StartAwsTextractJob

Amazon Textract is a machine learning (ML) service that automatically extracts text, handwriting, and data from scanned documents. It goes beyond simple optical character recognition (OCR) to identify, understand, and extract data from forms and tables.

Usage

Amazon ML Processors are implemented to utilize ML services based on the official AWS API Reference. You can find example json payload in the documentation at the Request Syntax sections. For more details please check the official Textract API reference With this processor you will trigger a startDocumentAnalysis, startDocumentTextDetection or startExpenseAnalysis async call according to your type of textract settings. You can define json payload as property or provide as a flow file content. Property has higher precedence. After the job is triggered the serialized json response will be written to the output flow file. The awsTaskId attribute will be populated, so it makes it easier to query job status by the corresponding get job status processor.
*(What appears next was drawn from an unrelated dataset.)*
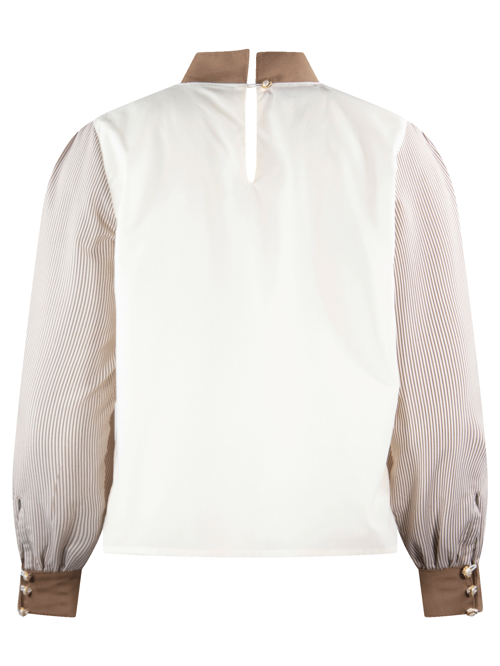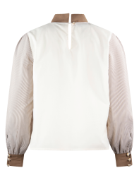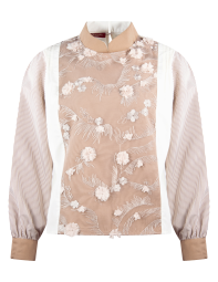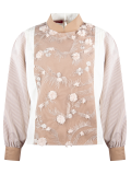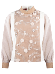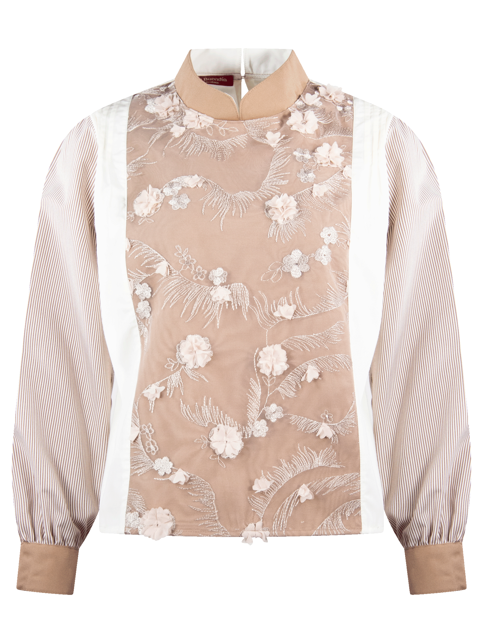 Camisa cerrada, cuello mao, mangas largas, con bloque de flores al delantero. Prenda confeccionada con recuperación de telas rescatadas de maquiladoras de ropa.

Three different type of textract task are supported: Documnet Analysis, Text Detection, Expense Analysis.

DocumentAnalysis

Starts the asynchronous analysis of an input document for relationships between detected items such as key-value pairs, tables, and selection elements. API Reference

Example payload:
{
   "ClientRequestToken": "string",
   "DocumentLocation": {
      "S3Object": {
         "Bucket": "string",
         "Name": "string",
         "Version": "string"
      }
   },
   "FeatureTypes": [ "string" ],
   "JobTag": "string",
   "KMSKeyId": "string",
   "NotificationChannel": {
      "RoleArn": "string",
      "SNSTopicArn": "string"
   },
   "OutputConfig": {
      "S3Bucket": "string",
      "S3Prefix": "string"
   },
   "QueriesConfig": {
      "Queries": [
         {
            "Alias": "string",
            "Pages": [ "string" ],
            "Text": "string"
         }
      ]
   }
}
    

ExpenseAnalysis

Starts the asynchronous analysis of invoices or receipts for data like contact information, items purchased, and vendor names. API Reference

Example payload:
{
   "ClientRequestToken": "string",
   "DocumentLocation": {
      "S3Object": {
         "Bucket": "string",
         "Name": "string",
         "Version": "string"
      }
   },
   "JobTag": "string",
   "KMSKeyId": "string",
   "NotificationChannel": {
      "RoleArn": "string",
      "SNSTopicArn": "string"
   },
   "OutputConfig": {
      "S3Bucket": "string",
      "S3Prefix": "string"
   }
}
    

StartDocumentTextDetection

Starts the asynchronous detection of text in a document. Amazon Textract can detect lines of text and the words that make up a line of text. API Reference

Example payload:
{
   "ClientRequestToken": "string",
   "DocumentLocation": {
      "S3Object": {
         "Bucket": "string",
         "Name": "string",
         "Version": "string"
      }
   },
   "JobTag": "string",
   "KMSKeyId": "string",
   "NotificationChannel": {
      "RoleArn": "string",
      "SNSTopicArn": "string"
   },
   "OutputConfig": {
      "S3Bucket": "string",
      "S3Prefix": "string"
   }
}